本来相続税は正しく申告・納税されるべきものですが、以上のように納税義務者の立場を悪化させない配慮も“時効”の考え方に表れています。
2.相続税の時効は起算日から5年または7年!
相続税は原則として「起算日から5年」で時効完成に至ります。
起算日とは相続税の法定申告期限(死亡を知った日から10か月)の翌日です。
しかし正確に“時効”を理解するには、国税債権を巡る法律上の2つの権利を押さえる必要があります。
2-1.時効起算日は2つある(賦課権・徴収権)
相続税の課税に関し、国税庁は下記2つの権利を有しています。
- 賦課権:申告または更正および決定で課税額を確定させる権利
- 徴収権:課税額の確定後に納税を実現させる権利
一般に“時効”と呼ばれる期間も法律上の呼称は異なり、賦課権では「除斥期間」・徴収権では「消滅時効」がそれぞれ正しい呼び方です。
課税の権利を2つに区分し、時効の呼び分けを行うのは、起算日の扱いを含む権利消滅までの仕組みが異なるため。
以下では、賦課権の時効(除斥期間)から順に詳しく仕組みを解説します。
※除斥期間・消滅時効ともに便宜上“時効”と表現することがあります。
2-2.賦課権の時効(除斥期間)
賦課権、つまり正しい課税額を確定させる権利の時効の起算日は「法定申告期限の翌日」です。
起算日から5年の除斥期間中は、納税義務者が正しい申告を行わない限り、管轄税務署は税務調査を実施するなどして課税額を確定させることができます。
また、虚偽申告などの不正行為による脱税が認められた場合、除斥期間は7年に延長されます。
下記のルールによって、申告手順を把握するための追加の調査を実施し、ペナルティ(加算税)を課す猶予が生まれるのです。
<「除斥期間」の性質について>
賦課権の除斥期間は「一定期間が経てば自動的に成立し、時効完成の阻止もあり得ない」という2つの性質を持ちます(下記参照)。
これは時効の基本趣旨に添い、課税額を二転三転させられる状態を長期化させないようにするためです。
【除斥期間の性質】
- 中断・停止しない…課税を巡る当事者がいかなる手続きを取っても、除斥期間の進行は止まりません。

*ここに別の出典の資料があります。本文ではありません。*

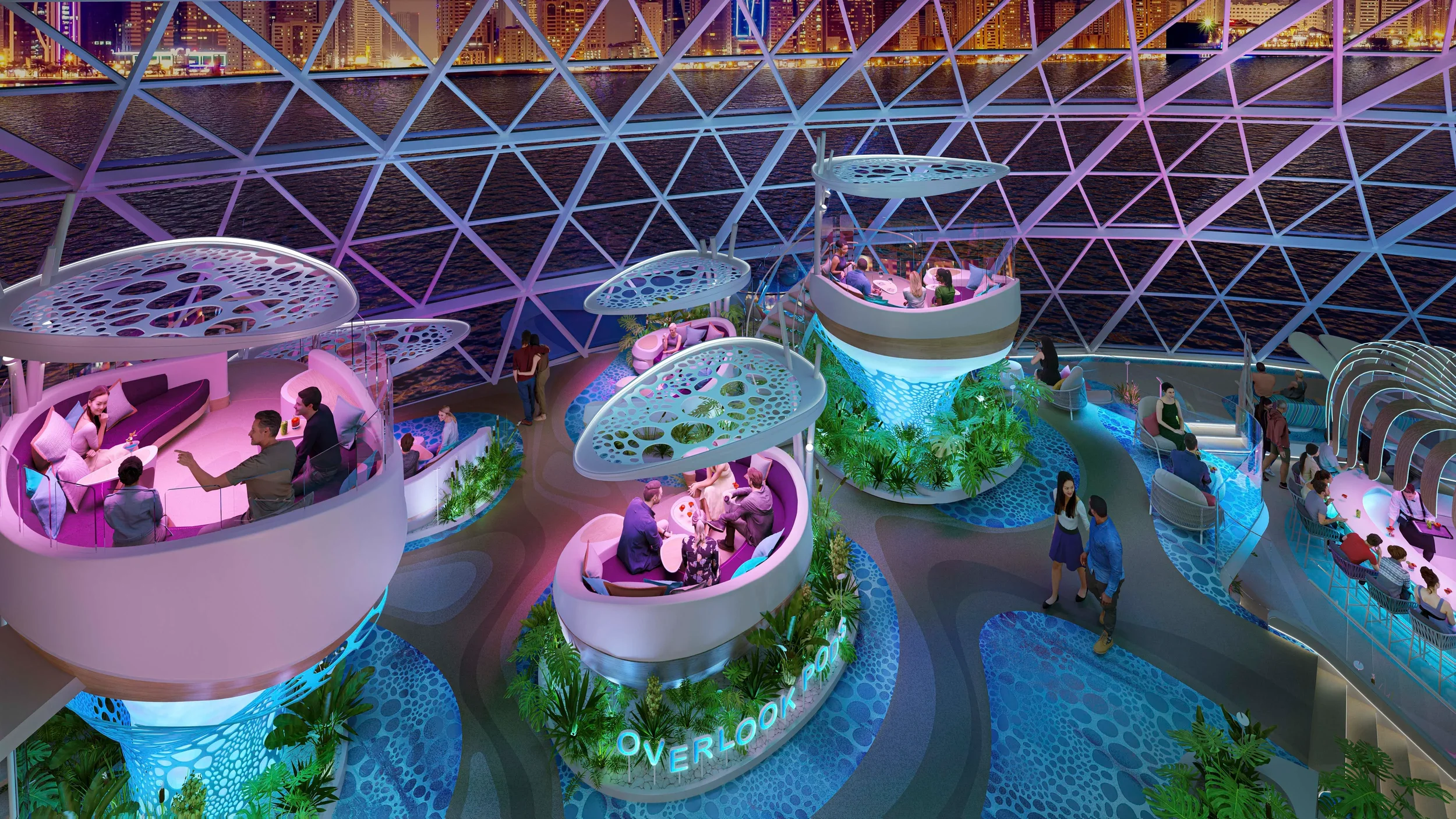 What to expect: A double-purpose performance and lounge zone. In one mode, it’s daytime light-filled seating and perch spots. In another, it’s an amphitheater for aerial and aquatic shows (think dramatic water + performance).

相続開始から5年と10か月が経過した段階で、例外なく時効完成に至ります。
- 当事者の援用不要…「援用」とは、時効完成後にその事実を主張することを指します。除斥期間の経過による賦課権の消滅は、これによって利益を受ける納税義務者側からわざわざ主張せずとも、自動的に成立します。
一見すると納税者側に有利ですが、5年経過をじっと待つことも現実的ではありません。
詳しく後述するように、税務調査の実態や万一申告漏れが発見された場合のペナルティの大きさから「除斥期間が経過するまで賦課権が行使されない」というのは考えにくいからです。
2-3.徴収権の時効(消滅時効)
徴収権、つまり税務署長が既に確定した国税債権の履行を求める権利の起算日は「納期限の翌日」です。
起算日から5年の消滅時効完成までのあいだ、相続税を納税するよう督促し、なお納税がなかった場合には裁判所を通じて財産を差押えする権利を国税庁は有します。
<「消滅時効」の性質とは>
徴収権の消滅時効は、債権者である国税庁側に有利な下記の性質があります。
ただし、債権者が強制力の強い回収手段がとれる官公庁であるという状況を踏まえ、民間で設定された私債権にはない性質も認められています。
【消滅期間の性質】
- 中断・停止がある…「納税義務者が確定した課税額を承認する」「国税庁が差押え手続きなどの裁判上の請求に踏み切る」等の事由が生じた場合、その発生時点で時効起算日まで巻き戻されたり(=中断)、時効完成までのカウントが一時的にストップしたり(=停止)します。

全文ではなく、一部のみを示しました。